Learning to go at home is a big step, and an amazing achievement. But at some point you’ll be taking potty and toilet training on tour. The question is, when? Well, if your child is already telling you when they need to go, they might also be ready to go where they never have before.
When it comes to peeing and pooing in new places, start with something quick and easy - like a park near home so any accidents are stress free. Once that’s in the bag, using the potty or toilet at a family member’s home might be the next step on your potty and toilet training tour.
Enjoying your new nappy-free adventures? Then it might be time to try somewhere that has its own toilets like a supermarket or shopping centre. You’ll need to plan, but you can bring the fun approach you’ve created at home with you no matter where you are!
Like MI5. But with toilets. As you walk around, keep a mind-map of where the toilets are. You never know when you might need them. It’s true that ‘holding it in’ is a great skill - but your child might find it stressful at first, so having nearby loos to pop to will be reassuring.
Busy, noisy, new… public toilets can seem scary to kids. They look, sound and smell different to what they’re used to!
Every kid is different and will react in their own way: some like to use their regular potty in the cubicle, and others will hop straight onto the toilet. There’s also useful kit out there like potty training seats and steps that can be a great help.
Summer = fewer clothes = a golden opportunity for potty and toilet training. That’s true, but potty and toilet training can take between three and six months – so it might also mean you’re training on holiday.
That comes with some head-scratchers. Can you even take a potty on a plane?
Yup, you can! Some mums and dads take a folding potty in their hand luggage, and others use a fold-out seat that they place on top of the plane toilet. Either way, the potty and toilet training adventure doesn’t have to stop just because you’re whizzing through the sky.
And don’t fear the nappy. Nappies can be really useful on night flights when you’re getting started. Night-time bladder control develops later than day control. That means that night-time spills are normal, so don’t sweat it.
Remember those toilet opportunities you need to look out for? Well, it’s good to encourage your kid to go before you leave the house, and again before getting into the plane, train or car. After that, you can schedule regular toilet breaks with a timer instead of relying on them telling you they need to go. Just set your alarm to poo time.
A potty and toilet training travel kit can also help you prepare for long journeys. Here’s a list of gear that can make being on-the-go easier for dads, mums and little bums.
- Portable potty or toilet seat
- Car seat protector
- Spare clothes
- Waterproof bag
- Hand sanitiser and toilet roll or flushable wipes
What about long car rides?
You need to go again?

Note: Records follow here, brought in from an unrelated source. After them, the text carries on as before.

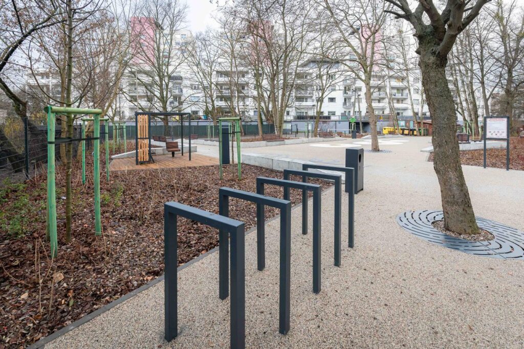 Nowy skwer powstał na terenie, który jeszcze niedawno pełnił funkcję nieuporządkowanej działki z rozpadającymi się garażami i zalegającymi odpadami. Jak informuje Urząd Dzielnicy Bielany, teren został całkowicie uprzątnięty i zrekultywowany – zlikwidowano stare zabudowania, usunięto zanieczyszczenia i przygotowano miejsce pod nasadzenia oraz małą architekturę.
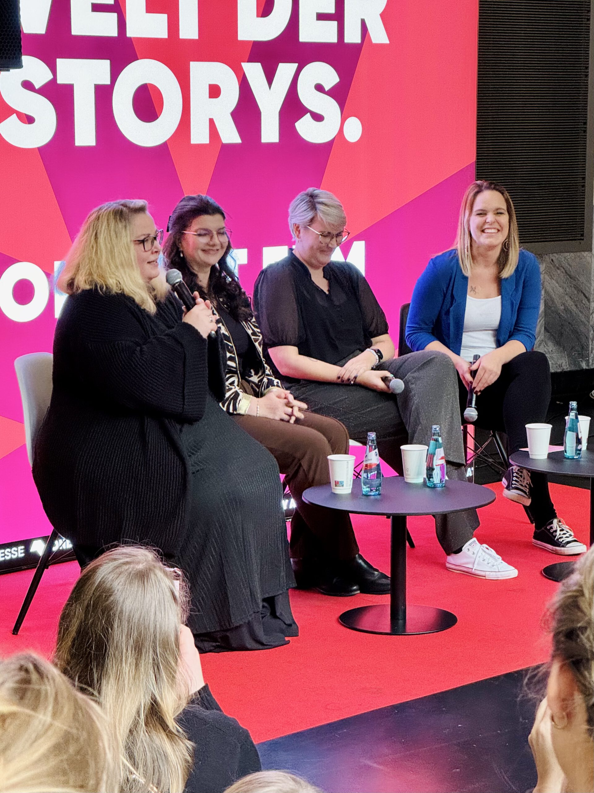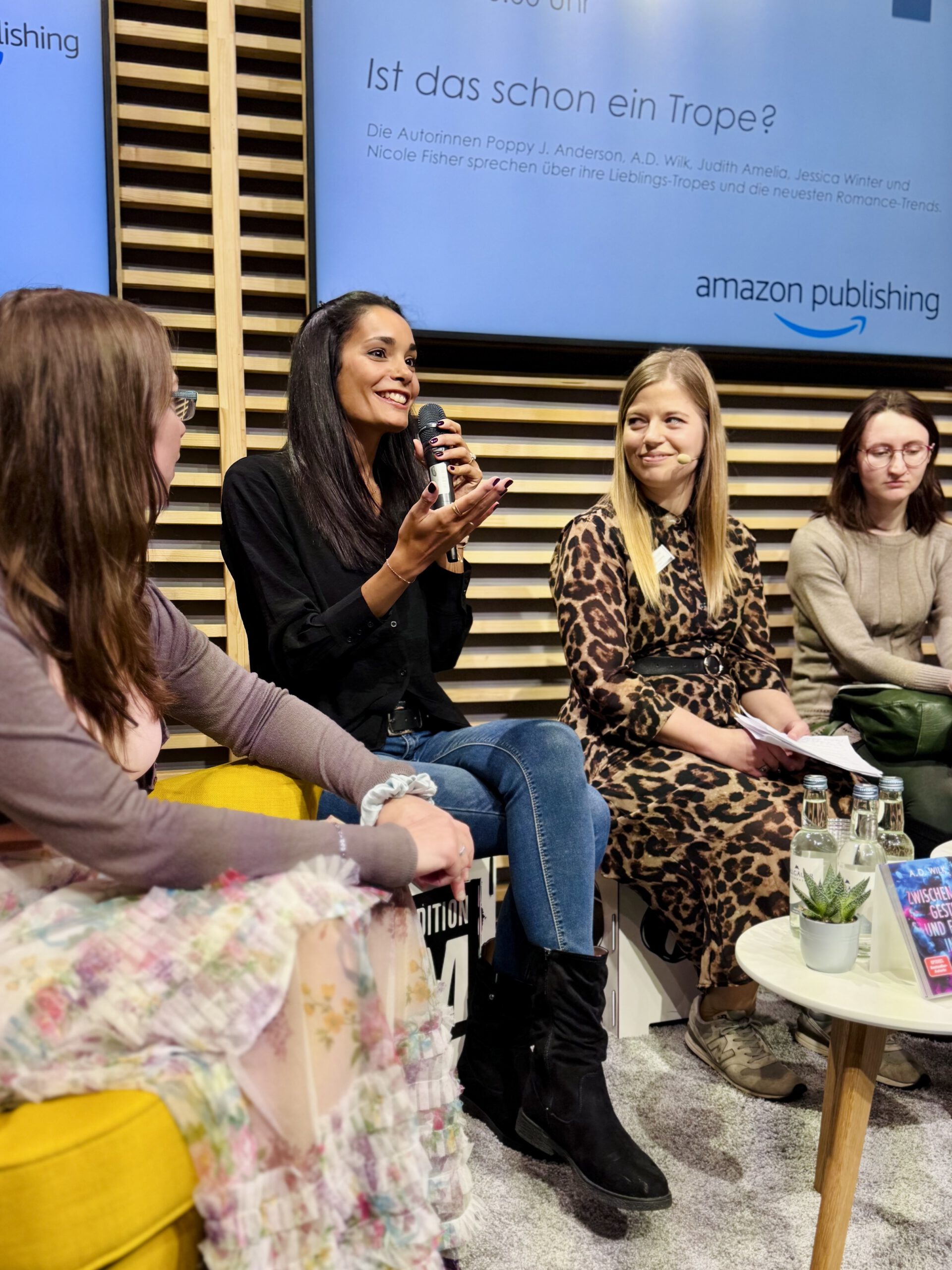 Am Amazon-Kindle-Stand hörten wir uns anschließend eine recht interessante Paneldiskussion zum Thema Tropes an. Besonders gefreut hat mich, dort Jessica Winter zu sehen – eine unglaublich tolle Autorin, deren Dramance-Bücher ich unglaublich gerne lese. Die Diskussion zeigte sehr gut, wie unterschiedlich Leserinnen und Leser mit Tropes umgehen und wie stark sie Entscheidungen für oder gegen ein Buch beeinflussen können.
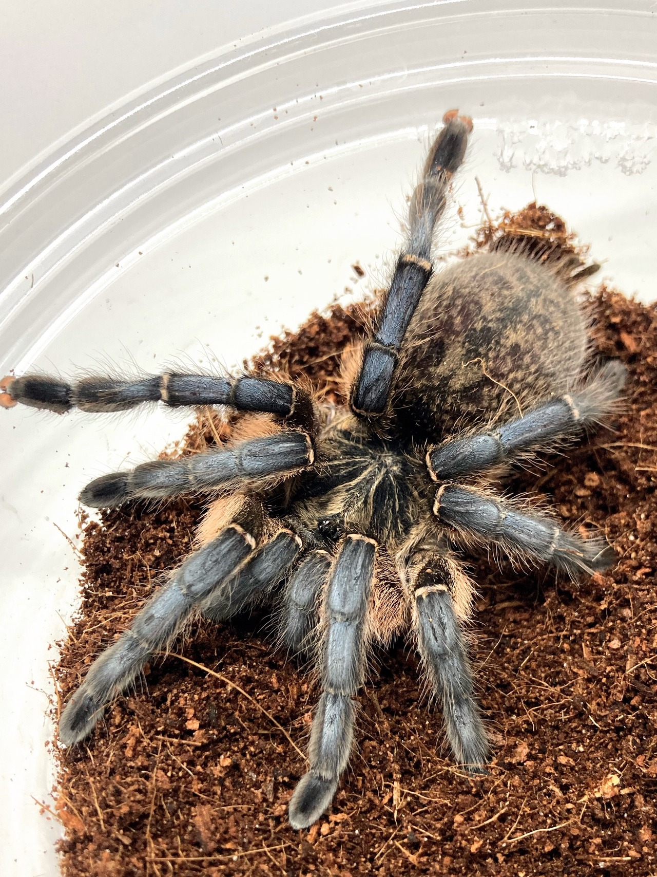 金色の体に脚だけ青く光り輝く美しいタランチュラ。
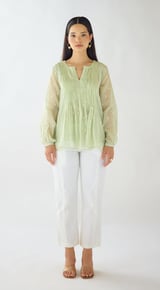 Lime Cotton A-Line Tunic with Pintucks and Embroidery
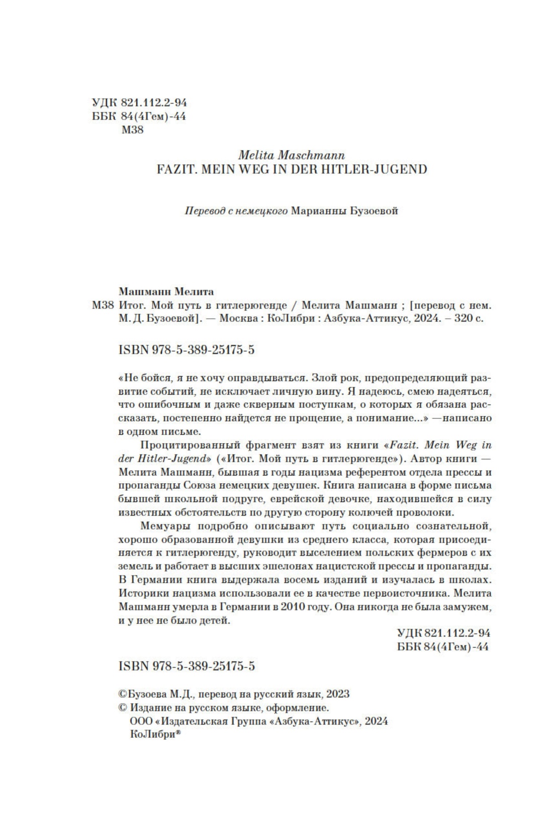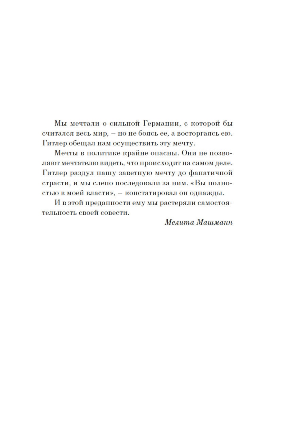 Процитированный фрагмент взят из книги «Fazit. Mein Weg in der Hitler-Jugend» («Итог. Мой путь в гитлерюгенде»). Автор книги — Мелита Машманн, бывшая в годы нацизма референтом отдела прессы и пропаганды Союза немецких девушек. Книга написана в форме письма бывшей школьной подруге, еврейской девочке, находившейся в силу известных обстоятельств по другую сторону колючей проволоки.
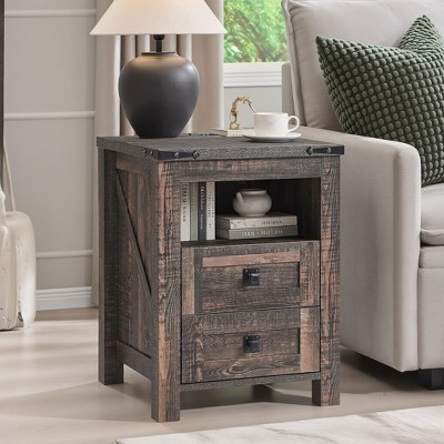 Black 2-Tier Farmhouse Side Table | Rustic Wood Square End Table with Storage Shelf for Living Room Tea Time
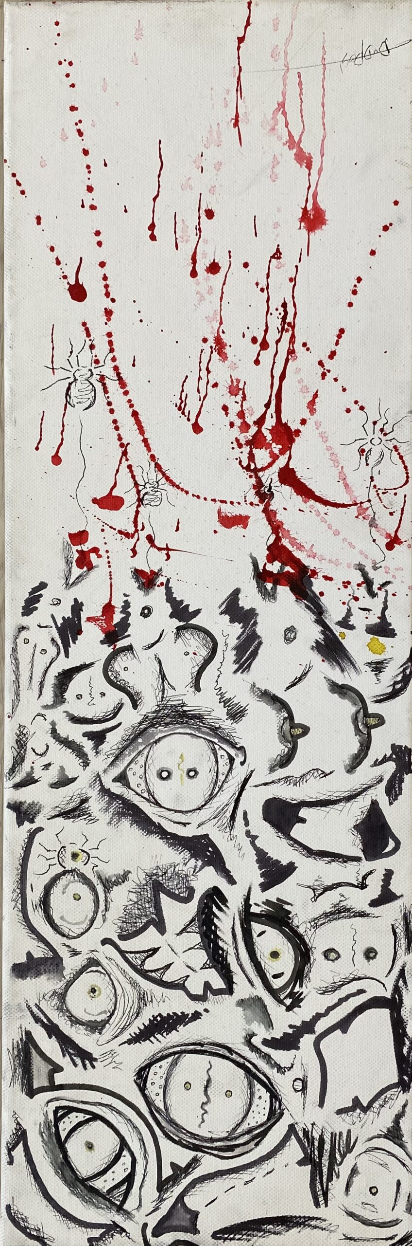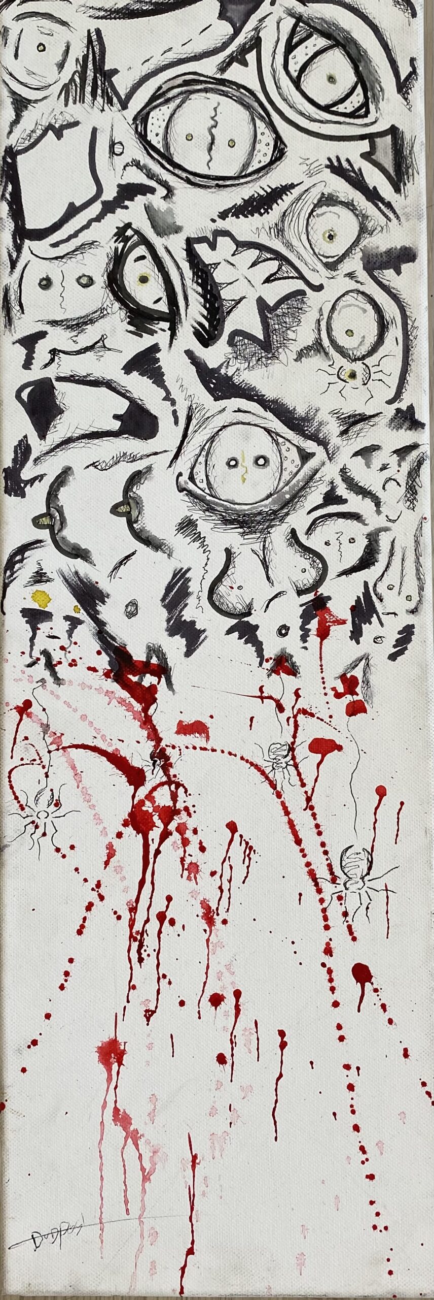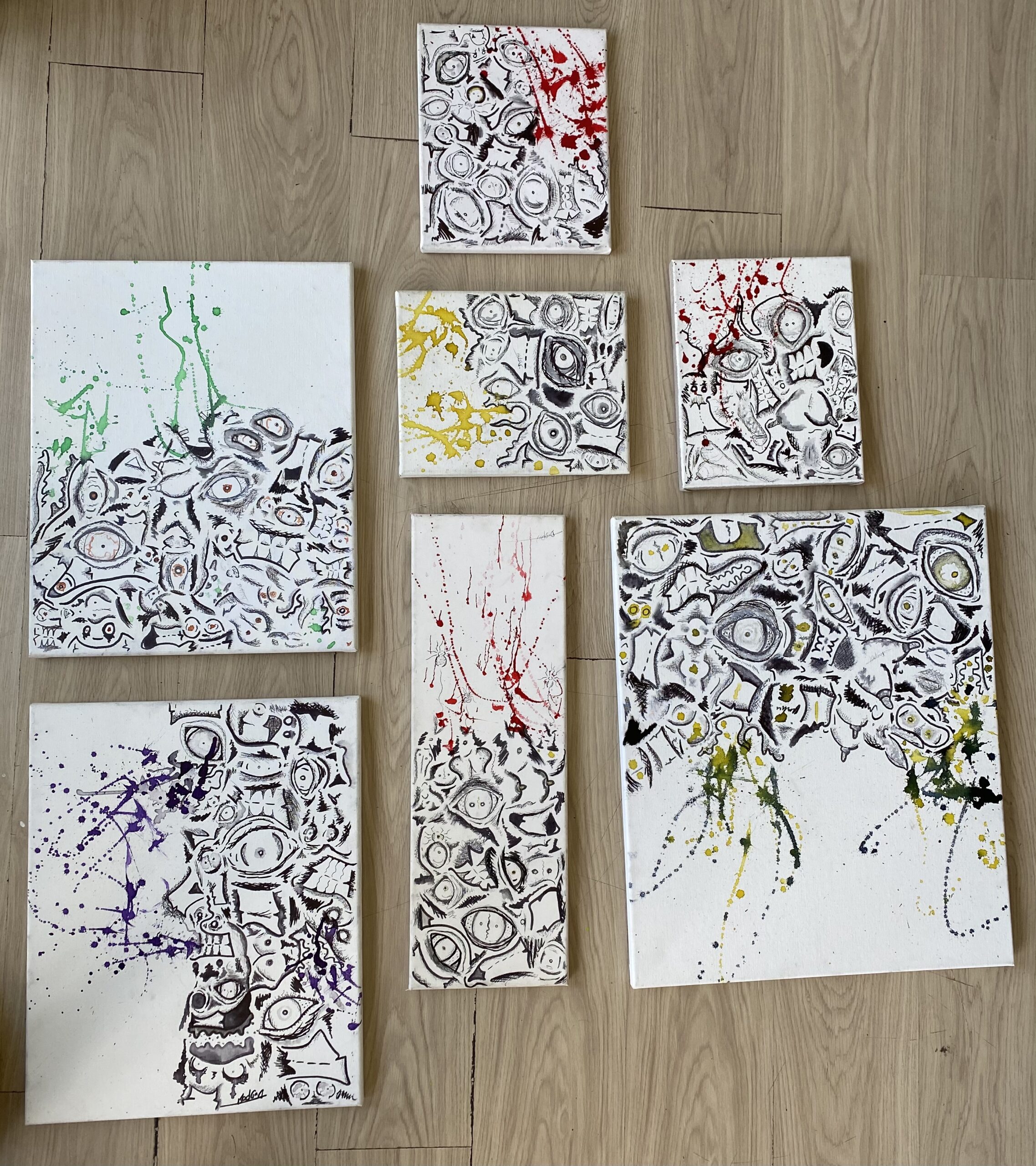 Kunstwerk van de artiest Djethro van der Post. Het opgespannen linnen doek
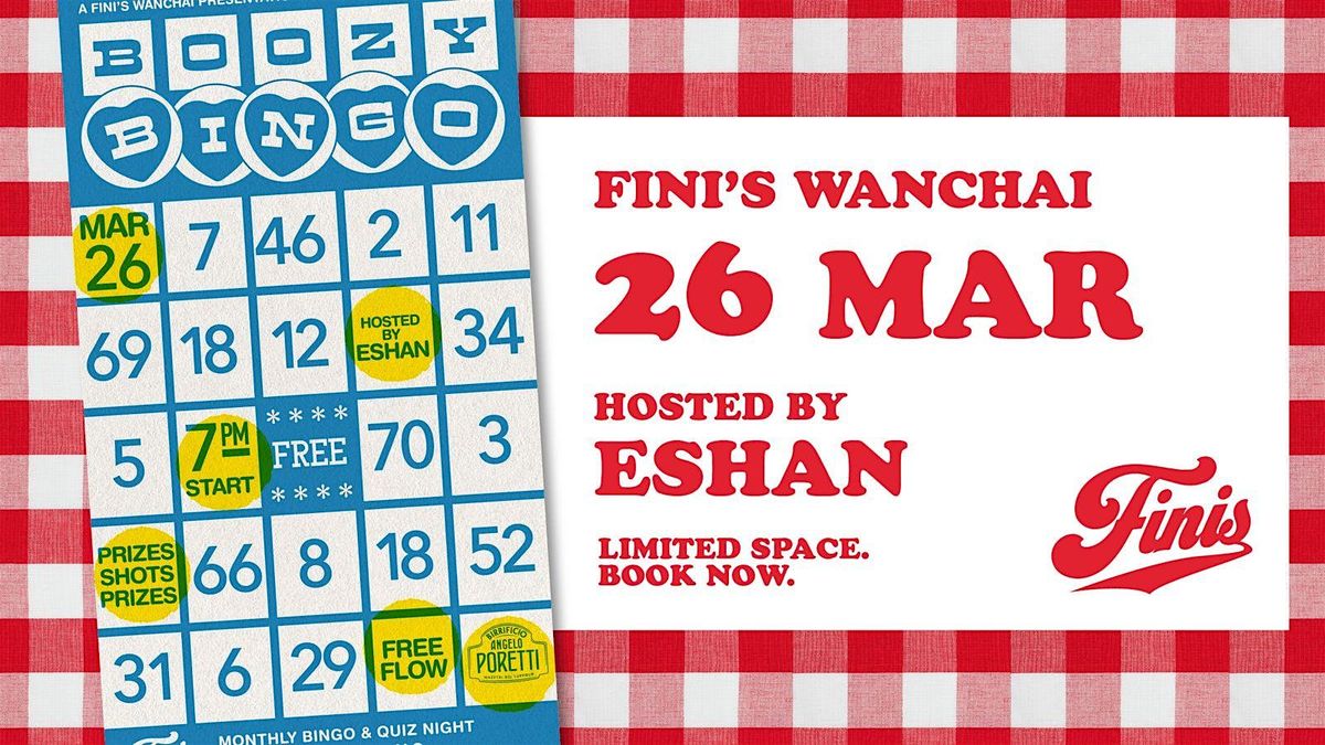 Join us at FINI'S Wanchai on Thursday, 26 March for a night of bingo, trivia and boozy fun — hosted by the one and only Quiz Master Eshan, keeping you laughing and on your toes all evening.
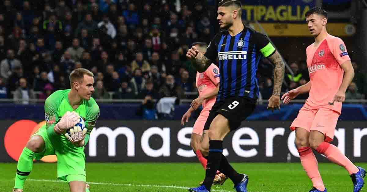 رفض قائد انتر وهدافه الأرجنتيني ماورو إيكاردي الاستسلام، فاستفاد من خطأ بالتشتيت لدفاع برشلونة وسجل من مسافة قريبة هدف التعادل (87).

Not every potty or toilet training break needs to happen at a service station. As long as it’s safe, your child might not be fussy about weeing or pooing in spur-of-the moment alfresco locations. Ah, the freedom!
Potty and toilet training on the go can feel like stepping into a whole new world. But having good info at your fingertips means there’s no need to feel overwhelmed.
Here are some key reminders of the ways you can help your little one stay confident and clean wherever they are, and supercharge their independence:
1. Take it slow
Potty and toilet training isn’t a race and every kid’s different. Take it one step at a time – from home to the park and beyond. Remember to celebrate these victories: each small step can feel like a giant leap on your adventure!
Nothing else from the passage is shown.